The human rights body in a recent letter expressing congratulations to Corbin on his election as PNCR leader noted that the circumstances in which he had assumed that responsibility “could hardly be more challenging,” a GHRA release stated.

The letter contended that “withdrawal from Parliament is a credible short-term tactic to register symbolic protest, [but] as a longer-term strategy it risks blurring the line bet-ween an elected opposition and other extra-parliamentary forces.”

“De-linking protest from Parliament in the current crisis renders difficult the task of distinguishing the PNC from other extra-parliamentary elements with a more violent or extreme agenda,” the human rights body told Corbin.

The GHRA added that it would not wish its opinions on this matter to be misconstrued as passing judgement on the validity of the grounds for the original decision to boycott parliament.

According to the release, the letter also reiterated the GHRA’s appeal that the PNCR should appreciate the hitherto untapped capacity of parliament for resolving many of its stated grievances. “For a variety of historical reasons, the parliamentary culture in Guyana is rudimentary and its true potential which lies not so much in the Chamber, but in the Committee rooms, is frequently overlooked,” the letter stated.

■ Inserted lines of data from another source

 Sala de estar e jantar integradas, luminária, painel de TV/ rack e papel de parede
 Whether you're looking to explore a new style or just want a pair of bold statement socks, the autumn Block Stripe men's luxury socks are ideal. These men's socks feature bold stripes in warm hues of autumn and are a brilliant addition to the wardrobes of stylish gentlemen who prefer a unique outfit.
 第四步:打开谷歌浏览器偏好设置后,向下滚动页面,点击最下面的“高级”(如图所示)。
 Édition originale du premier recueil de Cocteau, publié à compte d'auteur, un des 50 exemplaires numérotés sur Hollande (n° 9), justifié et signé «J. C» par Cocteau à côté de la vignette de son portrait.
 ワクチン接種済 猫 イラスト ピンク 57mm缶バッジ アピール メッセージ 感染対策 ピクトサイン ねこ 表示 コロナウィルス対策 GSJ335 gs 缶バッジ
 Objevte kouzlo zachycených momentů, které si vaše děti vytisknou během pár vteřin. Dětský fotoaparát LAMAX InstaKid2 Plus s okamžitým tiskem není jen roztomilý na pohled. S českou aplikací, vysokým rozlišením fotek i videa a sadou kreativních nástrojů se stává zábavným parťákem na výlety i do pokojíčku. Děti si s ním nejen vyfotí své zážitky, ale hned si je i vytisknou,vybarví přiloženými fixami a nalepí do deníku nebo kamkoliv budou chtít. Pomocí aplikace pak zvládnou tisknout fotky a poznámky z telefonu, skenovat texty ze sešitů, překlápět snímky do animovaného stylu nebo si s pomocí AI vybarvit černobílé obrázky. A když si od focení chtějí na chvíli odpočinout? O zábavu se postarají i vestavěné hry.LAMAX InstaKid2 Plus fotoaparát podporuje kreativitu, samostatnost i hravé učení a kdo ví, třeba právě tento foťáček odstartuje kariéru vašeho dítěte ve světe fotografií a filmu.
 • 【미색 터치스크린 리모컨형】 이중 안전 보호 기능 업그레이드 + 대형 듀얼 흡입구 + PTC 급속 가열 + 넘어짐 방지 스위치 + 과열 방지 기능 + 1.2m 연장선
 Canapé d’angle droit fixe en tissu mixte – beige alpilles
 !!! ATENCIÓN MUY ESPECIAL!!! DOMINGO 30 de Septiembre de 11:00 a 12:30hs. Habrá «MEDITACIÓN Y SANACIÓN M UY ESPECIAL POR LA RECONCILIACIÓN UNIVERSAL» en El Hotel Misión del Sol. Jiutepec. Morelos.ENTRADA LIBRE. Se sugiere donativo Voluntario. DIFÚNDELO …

GHRA said also that the record of the two parties working in committee reinforces this view, and “despite public animosity they have a remarkably good record in terms of getting things done,” as in the work of the Constitutional Reform Commission and the Public Accounts Committee.

The GHRA letter further suggested that Corbin should consider the potential of the Parliamentary Committee on Constitutional Reform as the key for resolution of the issues underlying the current crisis.

The human rights body indicated too that it would welcome an opportunity to discuss these considerations with the party, the release added.